Заведение Финча – 9 футов на 12, Третья авеню, – обещает «чистку шляп электричеством в присутствии заказчика». Если вам случилось попасть ему в лапы, вы его клиент навеки. Мне неведомы производственные тайны Финча, но отныне вам придется чистить шляпу каждые четыре дня.

Финчу, жилистому, нерасторопному субъекту с испитым лицом, можно дать от двадцати до сорока. Поглядеть на него – кажется, он с младых ногтей только тем и занимался, что чистил шляпы. Когда у него нет посетителей, он охотно болтает со мной, и я чищу шляпу чаще, чем требуется, в надежде, что Финч приподнимет завесу над тайнами местных потогонных мастерских.

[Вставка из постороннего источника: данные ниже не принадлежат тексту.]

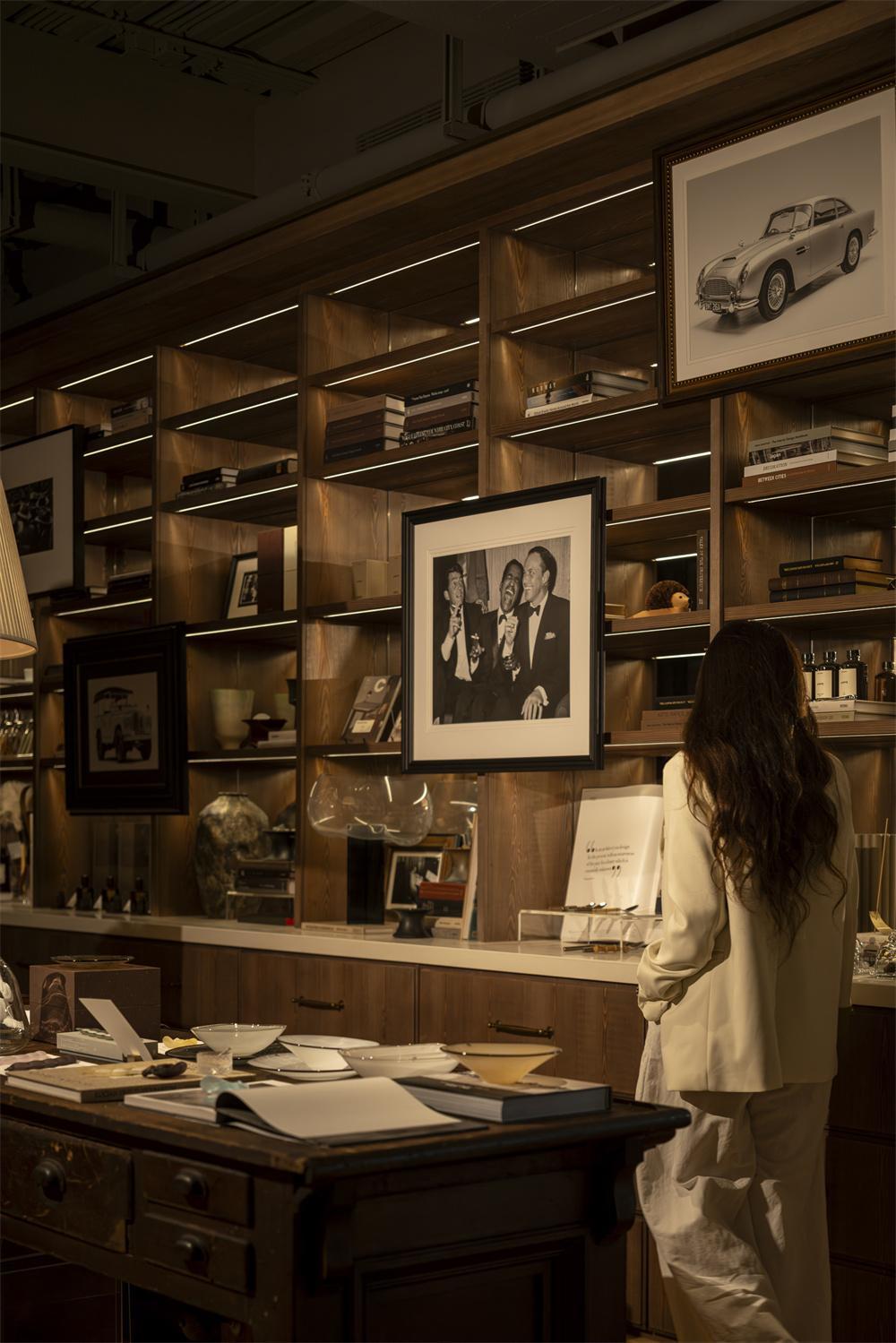 咖啡区右侧的买手店区域以深木色、黑金属与玻璃橱柜构成“策展式零售”结构,将诸如Ralph Lauren Home、Amalgam Collection、Fortnum & Mason、Cire Trudon、CULTIMILANO与APFR等国际高端品牌汇集一处,共同构成雍熙荣独有的审美坐标,形成关于设计、收藏与生活方式的跨界对话。

Как-то я заглянул к Финчу и застал его одного. Он тут же принялся умащать мой головной убор панамского производства своим загадочным составом, притягивающим пыль и грязь как магнит.

– Говорят, индейцы плетут шляпы под водой, – сказал я для затравки.

– Ерунда, – сказал Финч. – Так долго под водой не пробыть ни индейцу, ни белому. Послушайте, вы интересуетесь политикой? Я на днях прочел в газете, что приняли один закон, его еще называют закон спроса и предложения.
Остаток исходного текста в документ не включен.